Milo Hamilton (photo Baseball Hall of Fame) |
- 1927 - Leland Milo Hamilton was born in Fairfield, Iowa. Milo had the unenviable and ultimately untenable job as Bob Prince’s replacement in the broadcast booth. His quiet demeanor was a stark contrast to the Gunner’s folksy ways & boosterism, and the gig wore thin on both Hamilton and the City. He moved on to the Cubs job in 1980 and discovered that working with Harry Caray wasn’t much easier than replacing Prince. Milo finally found a home in Houston in 1985, where he broadcast for 28 years until his retirement in 2012. Hamilton was the 1992 recipient of the Baseball Hall of Fame's Ford C. Frick Award and was also inducted into the National Radio and Texas Radio Halls of Fame.
- 1943 - LHP Luke Walker was born in DeKalb, Texas. He worked eight years (1965-66, 1968-73) for the Bucs, with a line of 40-42-9/3.47. Walker had a breakout 1970, going 15-6 with a 3.04 ERA and was a member of the 1970-72 championship teams. He started, closed and did everything in between. The lefty worked just one more MLB campaign beyond Pittsburgh, when he was sold to the Tigers before the 1974 season.
- 1948 - The Bucco hand was caught in the cookie jar... Commissioner Happy Chandler fined the Pirates $2‚000 for violating the NL bonus rule when the Pirates signed ML Lynch as a scout while offering his son Danny a $6,000 contract. Chandler saw the deal (and probably rightly so) as an attempt to sway the second baseman's decision. Lynch was declared a free agent and signed with the Cubs. He played just seven MLB games.
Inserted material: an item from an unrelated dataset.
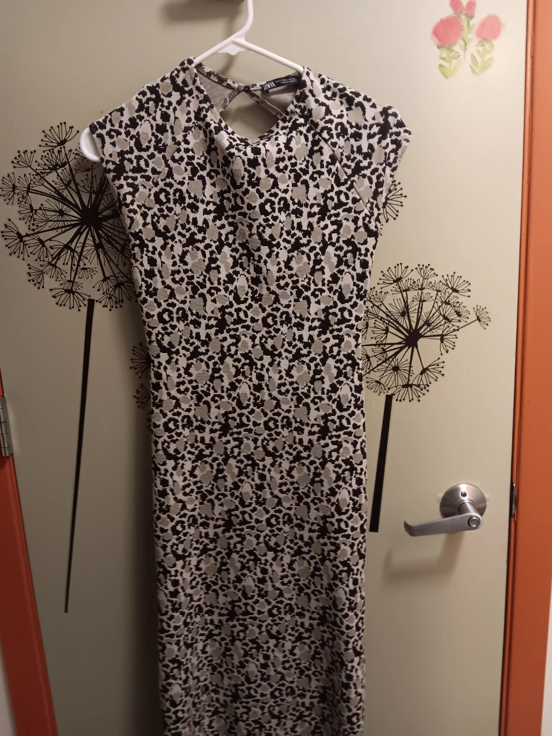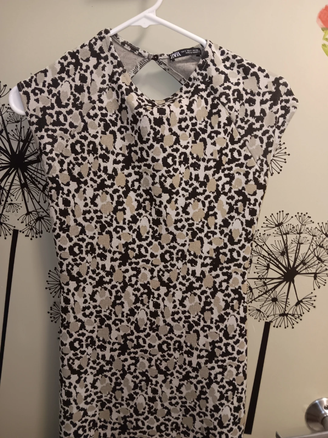 This is a ZARA cap sleeve top with a leopard print. It's a size small. The back features a cut-out detail. Beautiful, Super flattering and versatile dress@!

- 1970 - LHP Sean Lawrence was born in Oak Park, Illinois. Drafted by the Pirates in the 6th round of the 1992 draft out of the College of St. Francis, his seven games in 1998 as a Bucs was the extent of his big league career, finishing with a slash of 2-1/7.32. He later pitched in the San Diego and Arizona systems, retiring in 2002 to become a police officer in the Village of Westmont.
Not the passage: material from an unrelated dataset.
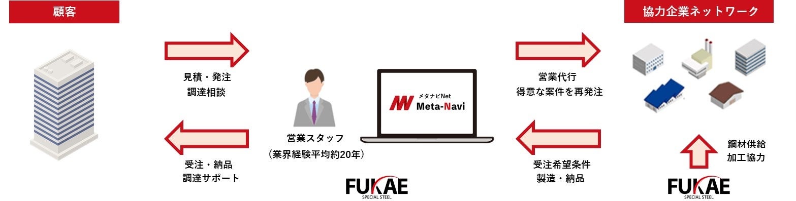 「メタナビNet」では、協力企業の強みに応じた項目(地域、技術、設備、精度、実績等)に基づき、システムで顧客と協力企業をマッチングし、QCD (品質、価格、納期)を総合的に考慮した上で再委託先を決定致します。
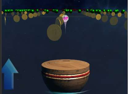 在游戏中有两个箭头,玩家点击箭头可以移动陀螺旋转的方向。在游戏中还有很多的硬币,玩家在进行闯关可以收集这些硬币,收集的硬币数越多,可以获得的积分奖励就越多。

Roberto Clemente 2000 Upper Deck |
- 1972 - With his 2,971st knock as a Bucco, Roberto Clemente broke Honus Wagner's record for the most hits in the history of the franchise. The record-setting blow was a three-run homer off Giant hurler Sudden Sam McDowell in the bottom of the fourth inning during an 6-3 victory at Three Rivers Stadium. He would end his career with 3,000 hits.
- 1972 - LHP Bob Veale, 36, was sold to the Boston Red Sox after an 11-year career in Pittsburgh that saw him win 116 games and save six more, starting 255 times in his 341 Buc outings. His 1,652 strikeouts are still the Pirate mark for a LHP and second overall in Bucco history.
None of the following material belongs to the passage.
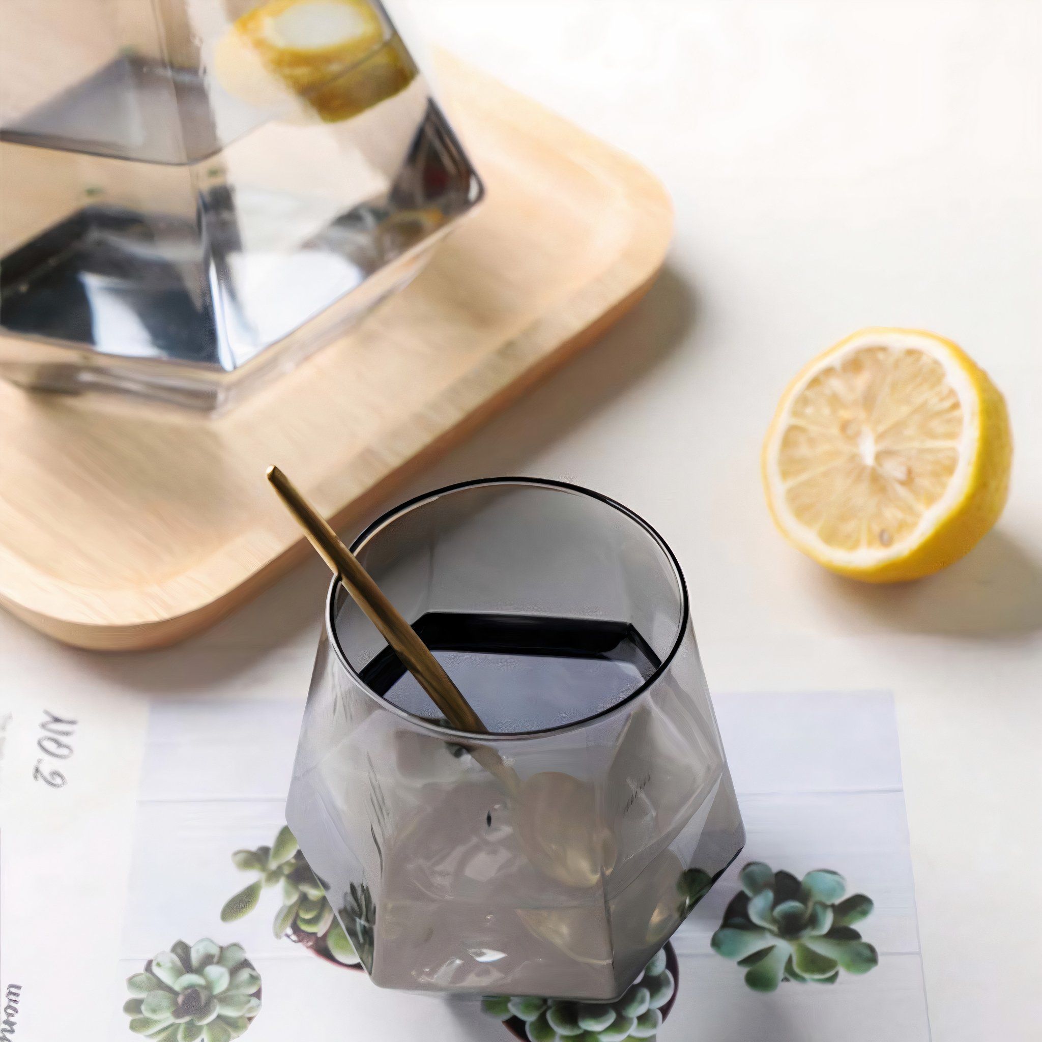 Our Diamond Decanter Sets are a cut above the rest! Inspired by the brilliance of a diamond cut, they are the icing on the cake in your table arrangement. Featuring a splendid hexagonal base and a tapered rim, these gorgeous glass decanter sets are bound to lift your spirits! Skilfully crafted by artisans, this diamond in the rough catches not only the light but also the eye. Together with four glasses, this carafe would make a splendid statement piece for your table arrangement. Diamond Decanter Set – Amber Orange – Glass – The Trouvailles

- 1983 - 1B Gaby Sanchez was born in Miami. He joined the Pirates from the Marlins in 2012 as the right-hand half of a first base platoon, first with Garrett Jones and then with Ike Davis. He played for the Bucs through 2014, hitting .241, before going to Japan. He spent a year there and then dropped off the pro ball radar after the Mariners released him in camp the following spring.
- 2009 - The Pirates were swept by the Reds 5-3, the first time they were broomed in Cincinnati since 1975. But it wasn’t all gloom (although in a 99-loss season, there weren’t many highlights) as Garrett Jones hit the club's 10,000th home run since Pittsburgh joined the NL in 1887.